Calling on a variety of friends from the Nashville area, PTC has so far restored 18 cars to running order, all immaculate and featuring a variety of safety upgrades. Watts and long-time friend from nearby Georgia, Sean Rayhall, spent most of a week in early August tuning, adjusting and equalizing 10 of the cars to make available for fall schools — and for hosting Jeremy Shaw’s 2021 Team USA Shootout.

Spend more than five minutes with Arnold, Watts and Anderson — better yet, get an at-speed, 10-lap “guided tour” with Arnold in one of the school’s pair of Corvette C8.Rs — and you’re pulled into this dream right alongside them: Phase 2 of this ongoing project will include necessary safety improvements — tirewalls and other barriers, and more tree-cutting; an extension to the track, adding one long, sweeping corner connecting Turns 5 and 9 (which will add a second long straight to an otherwise tight and twisty back section); and a second workshop.

Eight cars were used by the six Team USA Scholarship shoot-out candidates in rotation from session to session. Photo: J.R. Smith

The track is still a work in progress, with a variety of safety concerns to be addressed in late 2021/early 2022 via tire walls (en route as this is written), safety barriers, additional ARMCO and more tree-cutting. Photo: J.R. Smith

Phase 3 will include an upscale restaurant overlooking two key sections of the track; likely a second track extension onto recently acquired additional property; and expansion of revenue streams unique to any American circuit: cattle raising (45 head currently there is a small herd on the property, tended by the across-the-street neighbor); honey production (Arnold and Watts recently harvested honey from a pair of hives); and truck farming (with multiple acres set aside for vegetable-growing).

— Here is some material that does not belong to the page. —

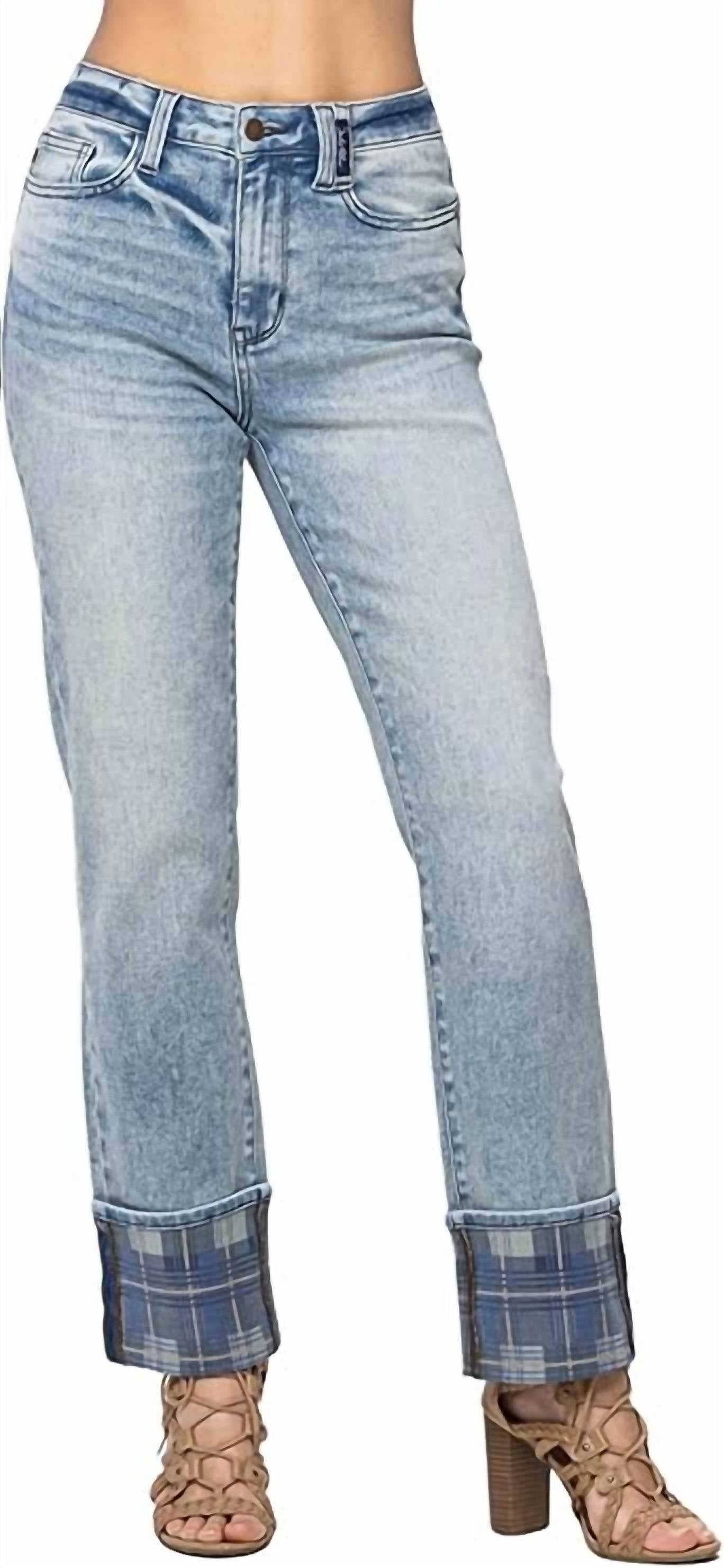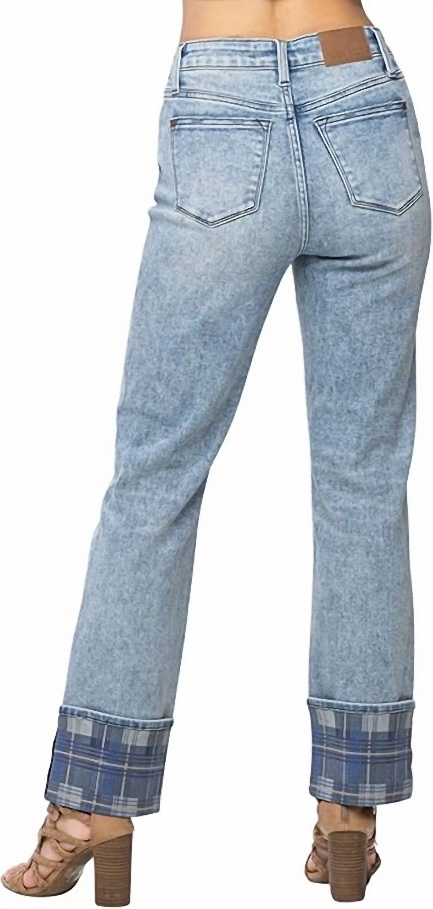 Esta calça jeans clássica de perna reta tem um caimento perfeito e combina com praticamente tudo. Tipo de fecho: zíper. Sobre este item: Cintura frontal: 27 cm. Costura interna: 75 cm com punho | 86 cm sem punho. Cintura alta. Punho com estampa xadrez. Caimento reto. 94% algodão, 5% poliéster, 1% elastano. Instruções de cuidado: Lavar à máquina. Origem: importado.

Soon there will be lodging available on the grounds, with plans drawn up for several cabins. And one of the most intriguing ventures is an internship program developed with the Atlanta, Georgia-based Lanier Tech, which already uses an ex-Skip Barber single-seater in its race car engineering program. The first group of graduate students set to arrive in mid-October to assist with the acquisition and set up of new CNC milling and other machines. The first group of graduate students landed in mid-October and were taken through every step of race car care and feeding, from fluids to nuts-and-bolts to several laps on track behind the school’s Corvette.

Ultimately, those future race engineers will assist with the acquisition and set-up of modern CNC machinery as PTC looks to expand its fabrication capabilities.

“I have a passion for young people with a dream,” said Watts, whose Driving Academy clearly aims to encourage those dreams, both on- and off-track.

Drivers eye view. Photo: J.R. Smith

As for the 2.1-mile track itself: “It’s not easy to learn this place in just a couple of laps“, said Indy Car champion Josef Newgarden, a suburban Nashville resident who’d “heard about PTC” but saw it for the first time in late August.

Newgarden joined fellow alum Andy Lally and Aaron Jeansonne in attending the Aug. 25-26 Team USA Shootout to offer instruction and support for the six young drivers competing for this year’s scholarship. After a handful of laps in one of PTC’s two Corvette C8.Rs, Newgarden clambered out beaming: “It’s a wicked track, super technical — off-camber, decreasing radius on that last corner. Really something.”